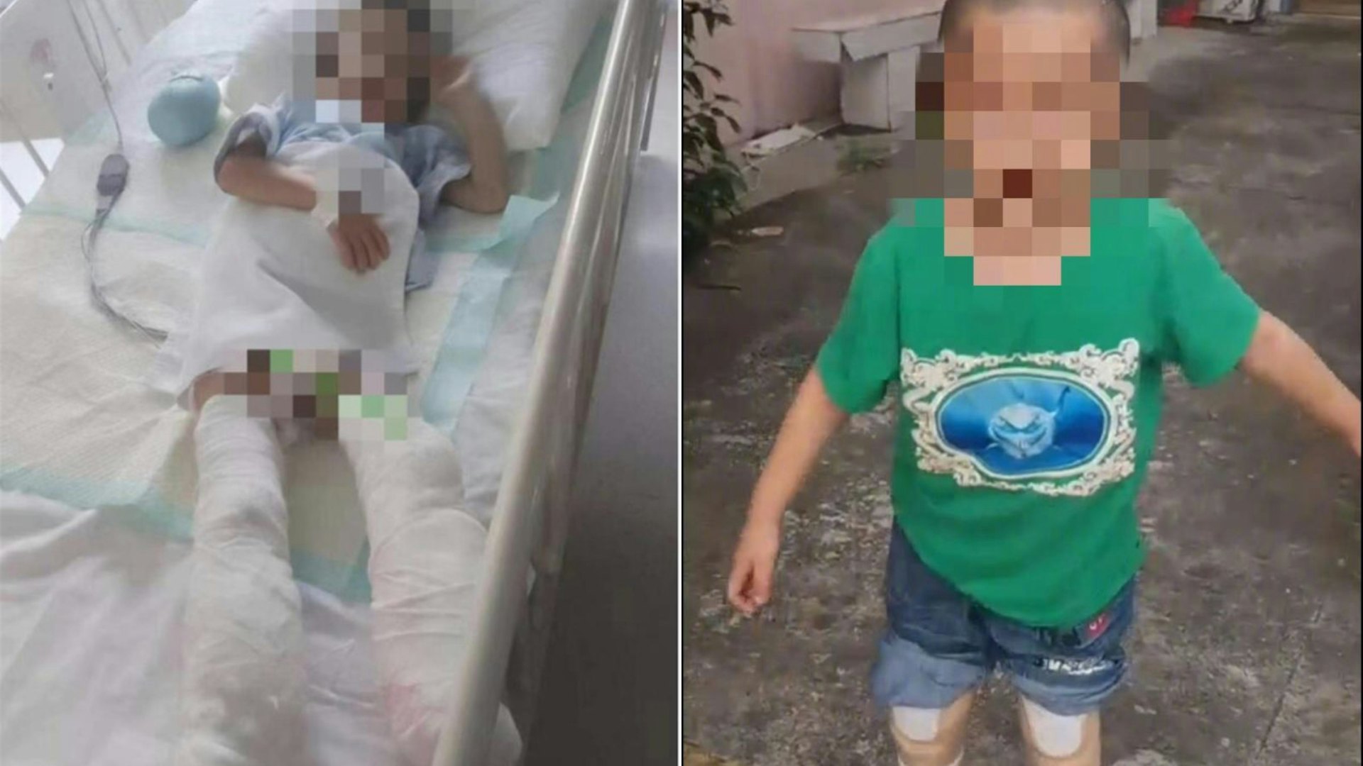 5歲男童生母虐待小腿截肢。(影片截圖)
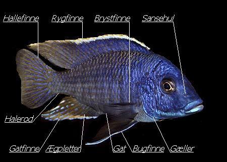 Hereunder vises et billede af Mylochromis epichorialis hvor vi ser betegnelserne for de forskellige dele på cichliden.
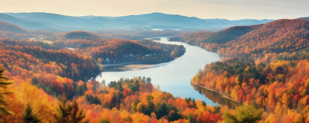 Dit weidse landschap vat de essentie van de herfst op spectaculaire wijze. Een rivier kronkelt zich een weg door een vallei die tot aan de horizon reikt, omgeven door een tapijt van bomen gekleed in herfsttinten variërend van goudgeel tot diep oranjerood.
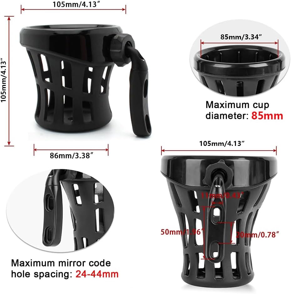 أبعاد التثبيت: يتم تثبيت حامل المشروبات على التحكم الأيسر أو الأيمن. يتم توفير مقاسين من البراغي لاستيعاب المزيد من الموديلات: خيوط قياسية بريطانية 6 مم 1/4 وخيوط قياسية دولية 6 مم. يتم استخدام برغي واحد للتثبيت على h-arley، لجميع موديلات h-arley 1996-up مع حوامل القابض أو مجثم الفرامل (2014-up Street 500 وStreet 750 غير متضمنة). يُستخدم الآخر للتركيب على ح-أوندا، ل Goldwing GL1800 2018-up (ONTY لمفتاح DCT أو CB المثبت على جانب الفرامل للدراجات).
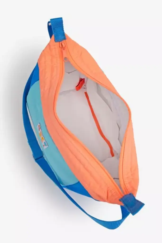 Stay chill with our medium sized Cooler Bag! Great for trips to the beach, picnics, music in the park, or bringing a lunch & snacks to the office! Features 4 interior side pockets where you can store an ice pack or utensils. A hidden bottom zipper pocket lets you tuck away your ice pack so you can cool your food from underneath without the pack directly touching your food. **Content + Care** \- 100% Nylon \- Spot Clean \- Made in USA **Size** \-Top width- 16" Bottom width- 10" 9" height x 8" depth, 6oz
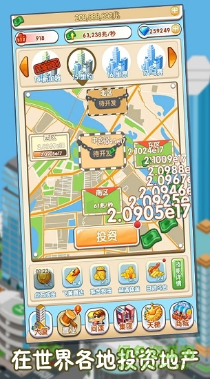 首富傳說是一款趣味十足的休閑模擬經(jīng)營游戲,游戲操作簡單,但也需要玩家發(fā)揮自己的聰明才智合理分配自己的資產(chǎn),從而更快的提高自己的收入。游戲中不僅可以建造各類的商鋪,還可以在世界各個大都市投資地產(chǎn),體驗做商業(yè)大佬的快感。全新的天梯玩法則是靠玩家自己的排兵布陣來打敗對手,成為最強的商戰(zhàn)王者??靵硎赘粋髡f發(fā)展屬于你自己的事業(yè),鑄造屬于你自己的商業(yè)帝國,成就一個輝煌的時代。
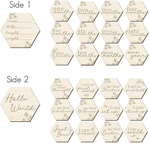 ✅ CELEBRATE MILESTONES WITH ORIGINAL HEXAGON SHAPES - Our 13 rustic card set of double-sided, laser engraved cards include 24 sayings so you can use the wooden monthly cards to save more memories that you will cherish forever! Each set includes 13 reversible cards that give you 11 months, 1 year, 8 special achievements, 4 holidays, and 1 customizable birth announcement card. Our monthly cards measure 4.1 inches, making them the perfect size to really stand out in your baby's monthly photos.

* * * * * * *

» Activity:
Nothing but the lines from the beginning of the material through the line with "首富傳說是一款趣味十足的休閑" should appear, printed exactly, with no pictures among them.

» Result for this task:
 5歲男童生母虐待小腿截肢。(影片截圖)
 Hereunder vises et billede af Mylochromis epichorialis hvor vi ser betegnelserne for de forskellige dele på cichliden.
 Dit weidse landschap vat de essentie van de herfst op spectaculaire wijze. Een rivier kronkelt zich een weg door een vallei die tot aan de horizon reikt, omgeven door een tapijt van bomen gekleed in herfsttinten variërend van goudgeel tot diep oranjerood.
 أبعاد التثبيت: يتم تثبيت حامل المشروبات على التحكم الأيسر أو الأيمن. يتم توفير مقاسين من البراغي لاستيعاب المزيد من الموديلات: خيوط قياسية بريطانية 6 مم 1/4 وخيوط قياسية دولية 6 مم. يتم استخدام برغي واحد للتثبيت على h-arley، لجميع موديلات h-arley 1996-up مع حوامل القابض أو مجثم الفرامل (2014-up Street 500 وStreet 750 غير متضمنة). يُستخدم الآخر للتركيب على ح-أوندا، ل Goldwing GL1800 2018-up (ONTY لمفتاح DCT أو CB المثبت على جانب الفرامل للدراجات).
 Stay chill with our medium sized Cooler Bag! Great for trips to the beach, picnics, music in the park, or bringing a lunch & snacks to the office! Features 4 interior side pockets where you can store an ice pack or utensils. A hidden bottom zipper pocket lets you tuck away your ice pack so you can cool your food from underneath without the pack directly touching your food. **Content + Care** \- 100% Nylon \- Spot Clean \- Made in USA **Size** \-Top width- 16" Bottom width- 10" 9" height x 8" depth, 6oz
 首富傳說是一款趣味十足的休閑模擬經(jīng)營游戲,游戲操作簡單,但也需要玩家發(fā)揮自己的聰明才智合理分配自己的資產(chǎn),從而更快的提高自己的收入。游戲中不僅可以建造各類的商鋪,還可以在世界各個大都市投資地產(chǎn),體驗做商業(yè)大佬的快感。全新的天梯玩法則是靠玩家自己的排兵布陣來打敗對手,成為最強的商戰(zhàn)王者??靵硎赘粋髡f發(fā)展屬于你自己的事業(yè),鑄造屬于你自己的商業(yè)帝國,成就一個輝煌的時代。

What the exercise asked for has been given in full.